Hardware requirements

All the scripts in this package have been tested on a Dell 940xa server equipped with NVIDIA Tesla V100 GPUs. Depending on the volume of data, the machine requires sufficient memory and GPU memory.

Software requirements

OS Requirements

All the scripts and codes in this package have been tested on the CentOS 7.9 Linux system.

Python Dependencies

logging
argparse
random
numpy
pandas
scipy
sklearn
tensorflow
keras

Environment Deployment

mamba create --name DeepPScan python=3.7 tensorflow-gpu=1.14.0 keras-gpu=2.2.4
mamba activate DeepPScan
mamba install ipykernel=5.4.3 numpy=1.16.2 pandas=0.25.3 scipy=1.7.3 scikit-learn=1.0.2 matplotlib=3.1.1

Installation and Usage

# Install from Github
git clone https://github.com/WenjuSun/DeepPScan-m6A.git
cd DeepPScan-m6A
mamba activate DeepPScan

Run the prediction for the new sequence using the model in the command line.

# Use the saved model and weights to predict the new protein sequence
python 4_prediction_for_custom_sequences.py -m RBP_m6A_preference_CNN_model_DeepPScan -i 4_merged_data_for_predict_test.txt -o 4_merged_data_for_predict_test

# You can learn about the corresponding parameters and their functions by referring to the "help" information.
python 4_prediction_for_custom_sequences.py -h
# usage: 4_prediction_for_custom_sequences.py [-h] -m MODEL -i INPUT [-l LENGTH]
#                                             [-s STEP] -o OUTPUT [-v]
# optional arguments:
#   -h, --help            show this help message and exit
#   -m MODEL, --model MODEL
#                         The prefix name of model files.
#   -i INPUT, --input INPUT
#                         The sequence input file for prediction.

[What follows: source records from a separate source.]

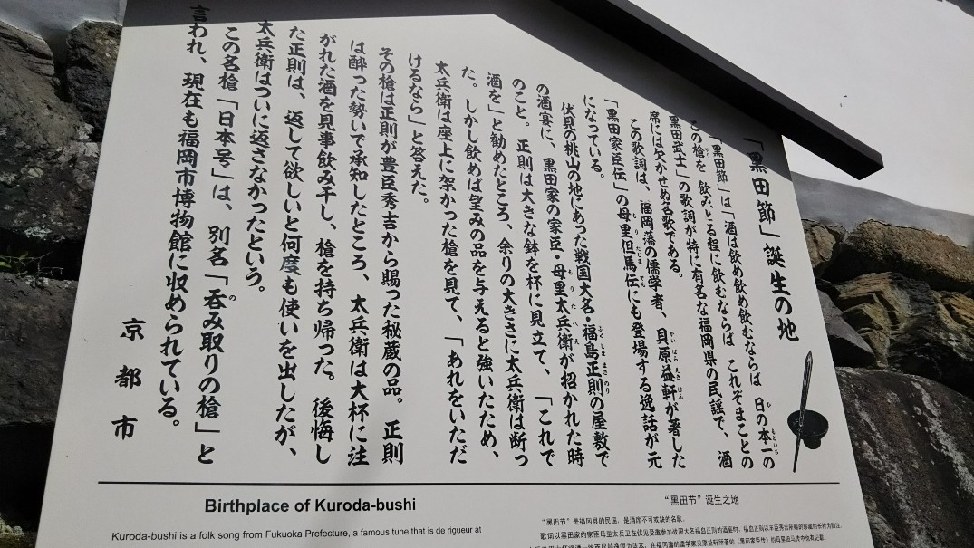 場所は駅から御香宮神社へまっすぐ続く道の途中にあった。ほぼ神社の手前あたり。で、黒田節っていうの無知だから初めて知ったんだけど、その「飲めよ~」っていうセリフは福岡の民謡らしいけど地元の人はみな知ってるの?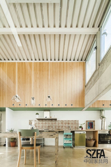 為了滿足這些要求,SAU Taller de Arquitectura事務所提出了一個明確的方案:將服務和貯藏空間移至無門窗、缺乏采光的墻邊,留出一個明確的核心空間,將周圍的碎空間整合在一起。由此,我們輕松地將臨街和朝向庭院的墻面解放出來。而這些墻面朝南或朝北的朝向,自然地變成了整個房子采光面和通風過濾器。這樣的改變還能使房子擁有自由和靈活的布局,根據(jù)住戶需要使用輕質板分隔。為了實現(xiàn)這個目標,我們會在混凝土墻中預留出隱蔽的固定點用以在日后搭建簡單的木質結構。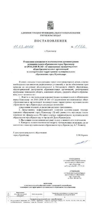 Принято постановление (о внесении изменений от 11.03.2026 ) администрации муниципального образования город Краснодар от 29.01.2018 № 263 "О закреплении муниципальных общеобразовательных организаций за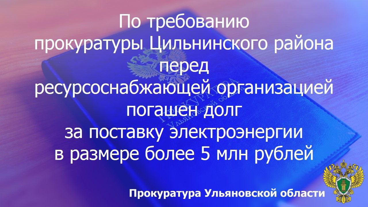 В результате прокурорского вмешательства задолженность за поставленные коммунальные ресурсы погашена в размере более 5 млн рублей.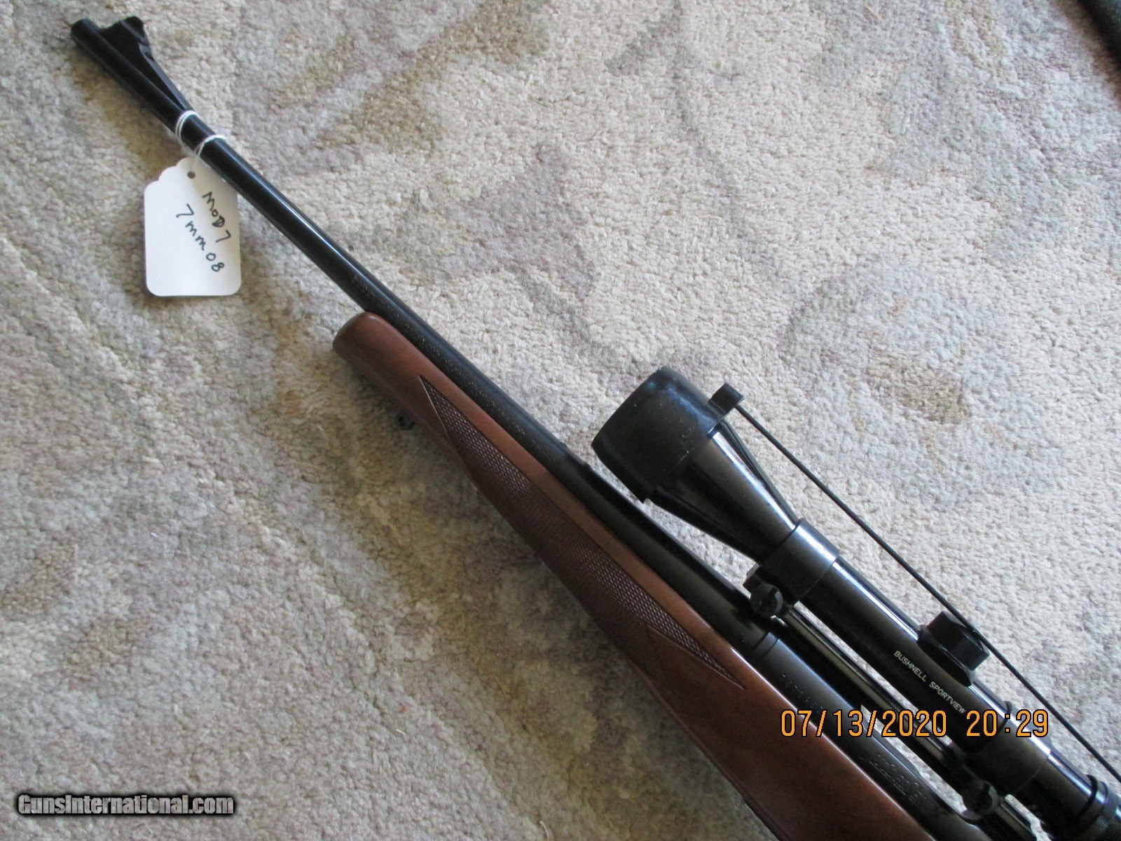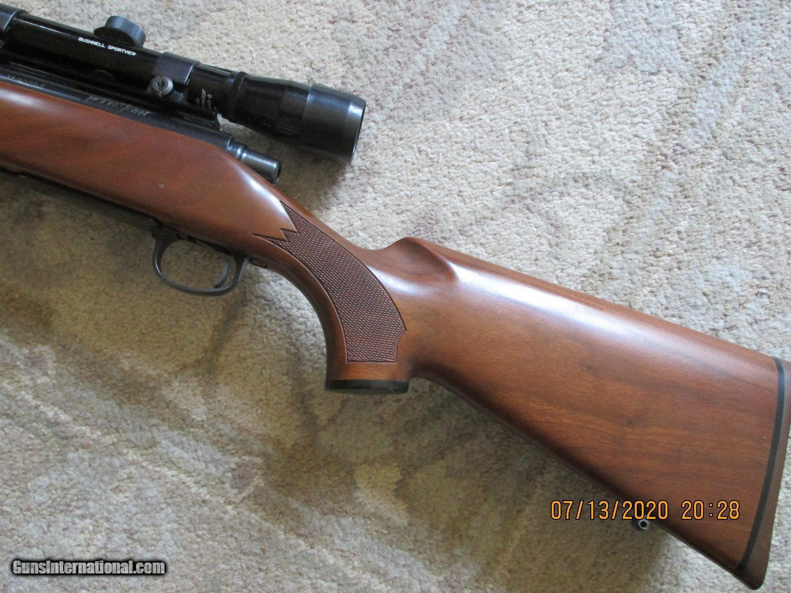 Description: REMINGTON MODEL SEVEN ...WALNUT STOCKED....7MM/08 REM....MISSING REAR SIGHT FOR SCOPE MOUNT....HAS BUSHNELL SPORTVIEW SCOPE ...SMALL MARKS IN WOOD RH STOCK MIDWAY BETWEEN PISTOL GROP AND HEEL...CLEAN RIFLE....$795.00 AND $50.00 SHIPPING.......///SALE PENDING/// SOLD Manufacturer: REMINGTON Model: MODEL SEVEN Condition: EXCELLENT |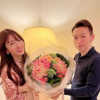 続けて「母の日当日は…。夜になってから突然の花束頂きました!」と誉幸さんから花束を受け取る自身の写真を公開し「花が大好きな義母の元で育った社長からのサプライズ!」と嬉しそうに報告。花束について「私のパーソナルカラーを意識して花を選んでくれたそうです!」と明かし「大好きな色ばかり!!本当にありがとうございます」と誉幸さんとの2ショットも公開した。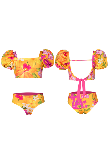 Two-piece bikini with short puff sleeve and a reversible bikini bottom. The fabric has UPF50+ protection factor which means that it acts as a protective shield against the sun’s UV rays. Made in Colombia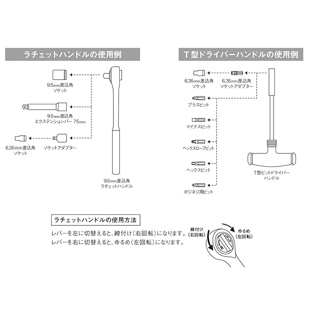 セット内容:9.5mm差込角ラチェットハンドル・コンビネーションレンチ(8・10・12・13・14mm)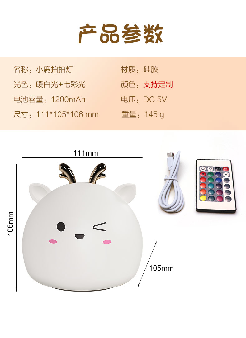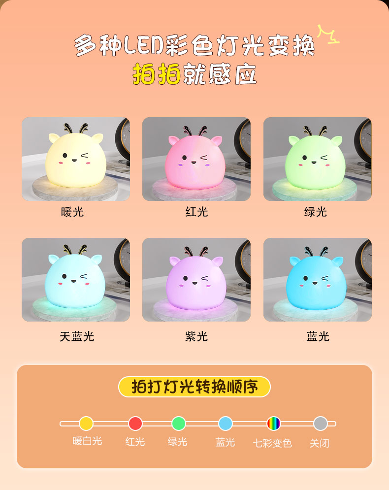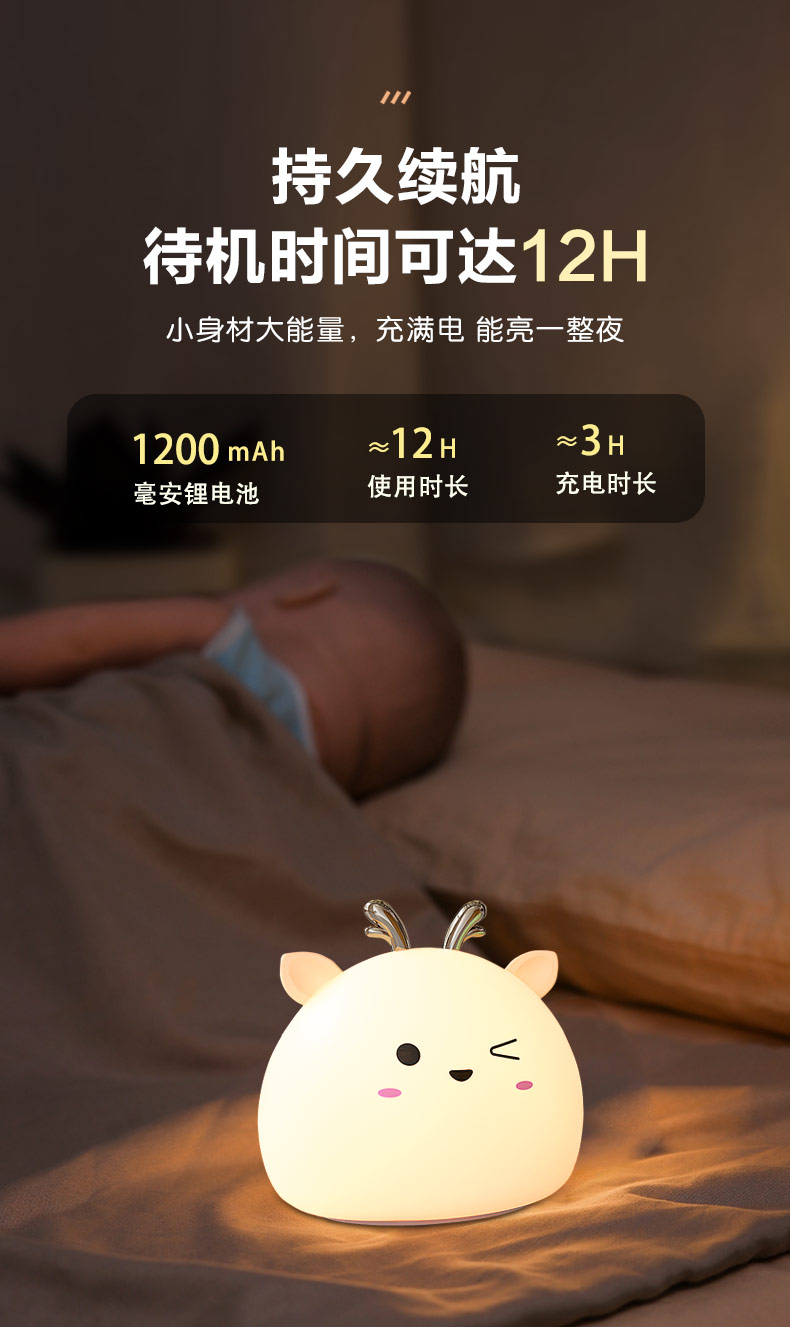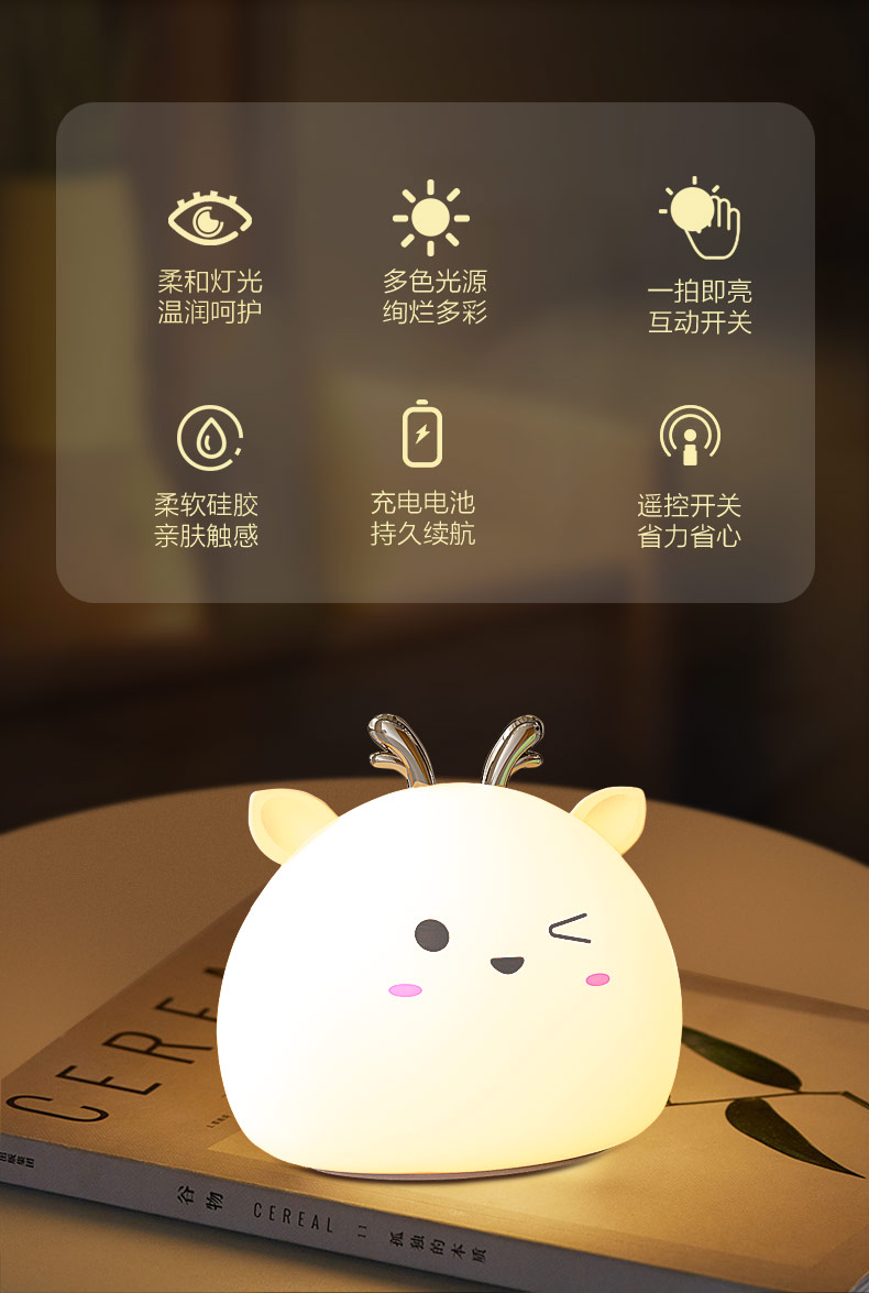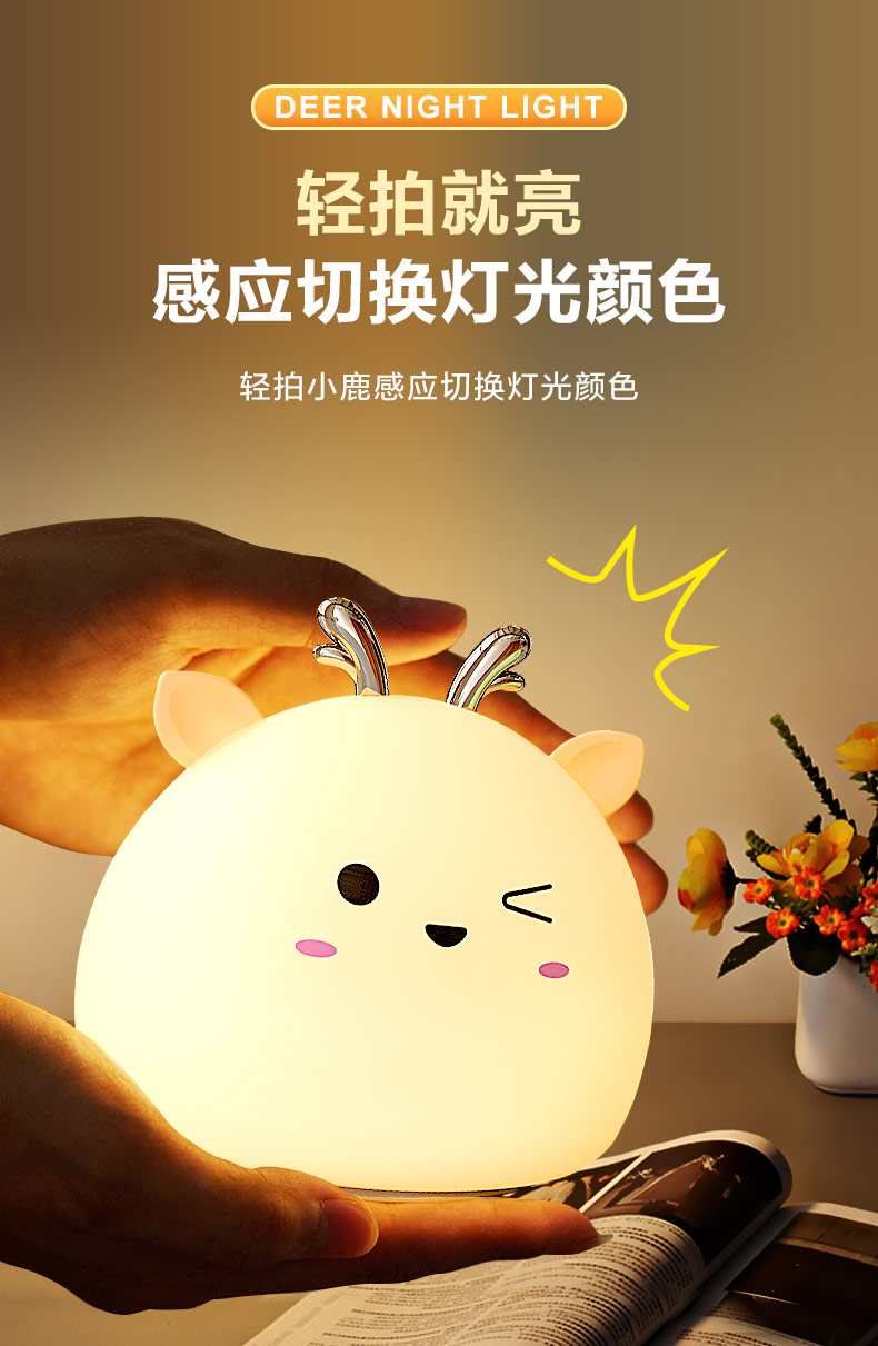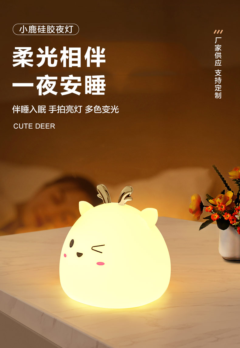 您的位置:首頁 > 產(chǎn)品中心 > 硅膠家居用品 > 拍拍燈 > 小鹿硅膠小夜燈 拍拍感應(yīng)燈喂奶起夜燈

Each line
#                         consists of two columns, with the format being
#                         <protein_id>\tab<protein_sequence>
#   -l LENGTH, --length LENGTH
#                         The length of the peptides used for predicted,
#                         default: 300. It needs to be consistent with the
#                         length used during model training.
#   -s STEP, --step STEP  The step size for sliding window on the protein
#                         sequence, default: 30.
#   -o OUTPUT, --output OUTPUT
#                         The prefix name of output files.
#   -v, --verbose         Enable verbose mode

Re-train the model using custom data in the command line

# Or use custom data to rebuild the model
python 3_retrain_DeepPScan_use_custom_data.py -i 0_your_data_for_retrain.txt -o retrain_your_CNN_model_DeepPScan

# You can learn about the corresponding parameters and their functions by referring to the "help" information.
python 3_retrain_DeepPScan_use_custom_data.py -h
# usage: 3_retrain_DeepPScan_use_custom_data.py [-h] -i INPUT [-l LENGTH]
#                                               [-s STEP] -o OUTPUT [-v]
# optional arguments:
#   -h, --help            show this help message and exit
#   -i INPUT, --input INPUT
#                         The sequences and scores input file is used for model
#                         training. Each line consists of three columns, with
#                         the format being <protein_id>\tab<protein_sequence>
#                         ab<preference_score>
#   -l LENGTH, --length LENGTH
#                         The length of the peptides used for training, default:
#                         300.
#   -s STEP, --step STEP  The step size for sliding window on the protein
#                         sequence, default: 30.
#   -o OUTPUT, --output OUTPUT
#                         The prefix name of output model files.
#   -v, --verbose         Enable verbose mode

Examples and Tutorial Notebook

You can open the notebook: 0_train_CNN_model_for_RBP_m6A_log2OR_predicting.ipynb

Refer to the practice code in it and test and run it step by step within the notebook to understand the detailed model training process.
Or open the notebook: 1_predict_RBP_m6A_log2OR_for_AAseq.ipynb

Refer to the practice code in it, and test and run it step by step within the notebook to understand the detailed process of using the model to predict new sequences.

Citing `DeepPScan-m6A`

#TODO

doi: xxxx

License

This project is covered under the MIT License.

Provide feedback

Saved searches

Use saved searches to filter your results more quickly

Repository files navigation

DeepPScan-m6A

System Requirements

Hardware requirements

Software requirements

OS Requirements

Python Dependencies

Environment Deployment

Installation and Usage

Run the prediction for the new sequence using the model in the command line.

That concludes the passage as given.